Hell Followed with Us(15)
—The Truth by High Reverend Father Ian Clevenger
Nick catches me at the chore board the next morning while I’m debating between cleaning duty or helping Carly fix the rain barrel, which sprung a leak in the night. He takes the chalk out of my hand. “You’re with us today. Meet me in ten.”
That’s how I end up at the back door of the ALC with Nick, Salvador, and the sunburned boy, Cormac. Cormac is tall and sharp with long red hair and a rifle, and he greets me with, “Great. We have to babysit a middle schooler too.”
Um?
“Nick,” Salvador says, clasping xyr hands together in supplication. “I am literally begging you to let me hit him. Please? Just once. Trevor would want me to.”
Nick goes through each of us in turn. “Benji, ignore him. Salvador, not funny. Cormac, one more word, and I will look the other way. Am I clear?”
“Clear,” Salvador chirps. Cormac scoffs.
My contribution is ignoring Cormac altogether and saying, “So what are we doing, anyway?”
Salvador slings an arm over my shoulder. The sudden touch startles me, but xe is warm and strong, and I don’t exactly mind it. “You know how Cormac’s been cutting off all those ears? Believe it or not, he doesn’t just do that for fun.”
Cormac snarls, “Choke on a dick,” and Salvador shoots back, “Maybe you can give me some pointers!”

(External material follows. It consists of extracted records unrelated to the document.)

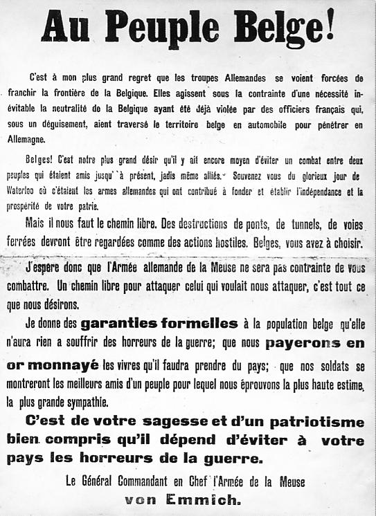 « Sans la moindre provocation de notre part, un ennemi orgueilleux de sa force a déchiré les traités qui portent sa signature. Il a violé le territoire de nos pères (…). César a dit de vos ancêtres « De tous les peuples de la Gaule, les Belges sont les plus braves ». Souvenez-vous devant l’ennmi que vous combattezLire la suite 4 août 1914 : le « bouchon » de Liège
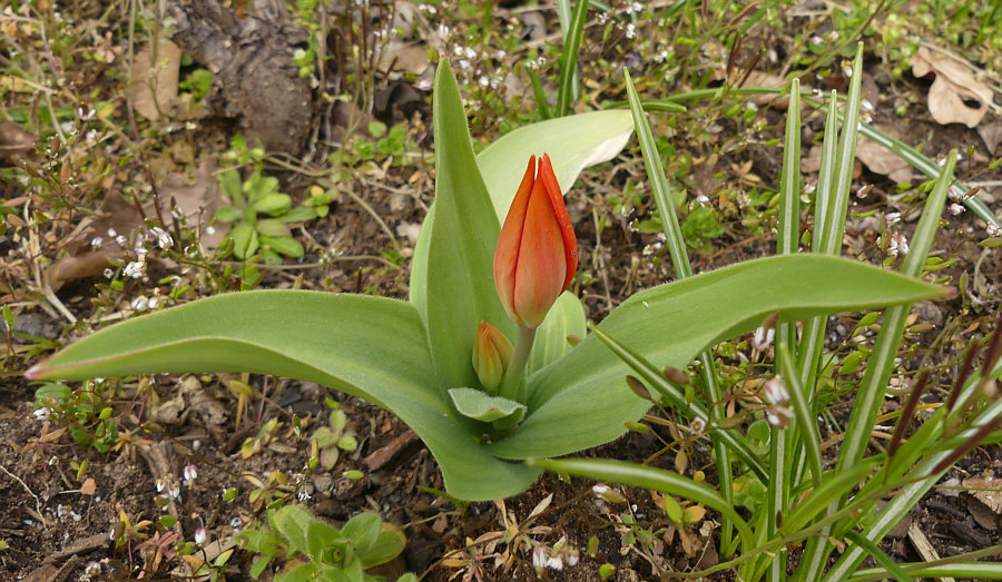 Die frühen Tulpen blühen schon ... hier als Stern neben Sternchen.
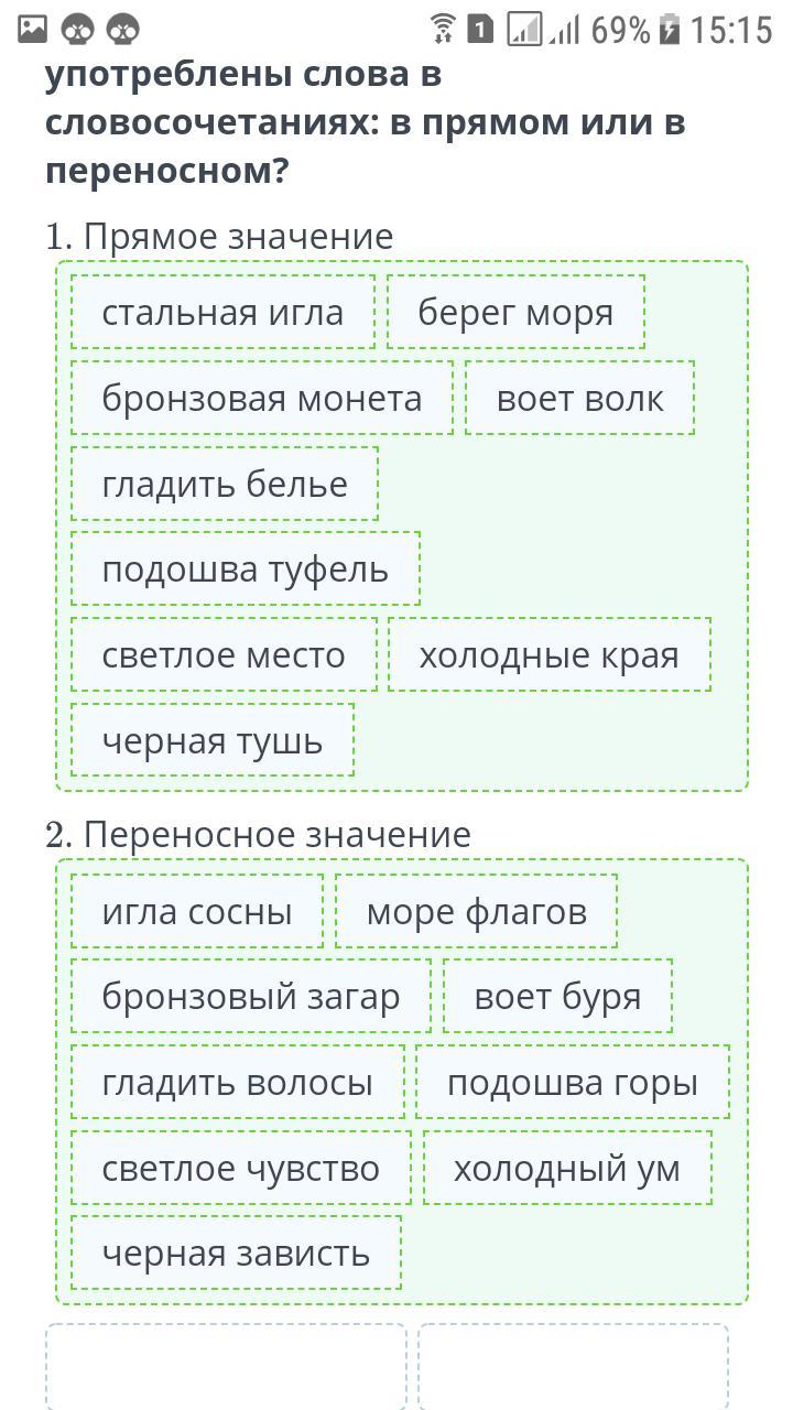 Определи, в каком значении употреблены слова в словосочетаниях: в прямом или в переносном?
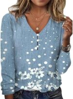 HOTYD Womens Boho Floral Tops Dressy Casual Long Sleeve Button Up V Neck Shirts Plus Size Summer Tops for Women
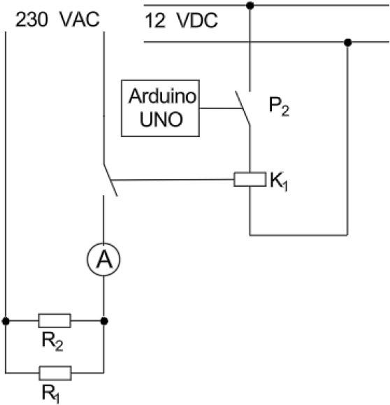 Measuring system used to force a specific number of relay switching cycles. P2 – button controlled by an Arduino Uno microcontroller.

Nick shoves them out the back door and into the courtyard like unruly children, and they squabble for a second before disappearing farther into the grass. A clatter of wood and metal later, they’re dragging a wheeled cart toward the gate to the street.
“If you’re thinking about joining the Watch,” Nick says, “might as well get a taste for what we do.” I step out into the sun, squinting up at the early-morning clouds. It’s a beautiful day. “Don’t want to keep the Vanguard waiting.”
* * *
The city park—Wagner Commons, according to the sign—has become an infant forest between skyscrapers and dead streetlights. Benches line a gravel path grown through with weeds, and the pond is choked with filth. Squirrels chase one another around a towering maple with a body lashed to its trunk. Flies buzz in a shifting cloud, surrounding the caved-in skull and cross carved into the stomach.
Bodies like this hang in a long, stinking row on both sides of the New Nazareth gate. They’re everywhere in this city.
“Shit,” Cormac mutters. His trigger finger twitches. “Is that—”
Nick holds out a hand. “It’s old.”
“Still,” Salvador says.
The four of us give the execution a wide berth as we trudge toward the meeting spot at the edge of the pond. It’s a pavilion, a roof on stilts above a concrete slab, the kind of thing families used to rent for birthday parties. There’s even a sad little grill, blackened with ash. Nick and I pull the sled up beside one of the picnic tables—I switched off with Salvador a few blocks back because I felt bad for not helping—and Cormac glares out over the wavering fields.
He growls, “They said they’d be here.”
Along the way, Nick explained the Vanguard: They’re a militia group on the other side of the city, made up of a collection of families sitting on top of a hell of a lot of supplies. If I ever heard about them in New Nazareth, I can’t remember. We prayed for the destruction of the nonbelievers’ strongholds but never any one in particular.
I feel the knife Nick gave me in my pocket. Mom’s horror stories about nonbelievers squirm uncomfortably in my skull. Nick wouldn’t have given me the knife if this were all a setup, right? If he was just going to hand me back to the Angels? The death squads might make an exception to their no-survivors rule in exchange for getting me back.
“We still have some time.” Salvador squints at the sun. “It’s not even noon.”
“Not even noon,” Cormac repeats. “God.” I bite the inside of my cheek at the Lord’s name being taken in vain, on alert for a grown-up to overhear and scream at us. “I’m going to do a sweep. Come with me or not; I don’t care.”
Nick sighs. “Salvador, make sure he doesn’t get himself killed.”
Salvador perks up. “Permission to deck him if he starts saying stupid shit again?”
“Not answering that. Be safe.”
They both walk away, and it’s just me and Nick. I sit on the edge of the concrete in a patch of sun that shifts as bare tree branches move in the breeze, and I don’t let my hand off the knife.
New Nazareth had a lot of green places like this: lawns and wooded areas, creeks and bridges over gullies. I first kissed Theo in one of those little forests. We were fourteen and barefoot in the dirt, obsessed with each other because juvenile crushes meant we could forget about the world choking to death beyond the walls. I could pretend I didn’t hate the way my body looked in a dress if it meant Theo would touch me again.
Nick says, so quietly that I know exactly what he’s talking about, “When did you join?”
My head snaps up to where Cormac and Salvador are drifting out of earshot. What kind of question is that? I open my mouth to protest, Are you trying to get me shot? But…I want to talk about it. You can’t talk about how much it sucks to be an Angel to other Angels. I tried that once, and look where that got me with Theo.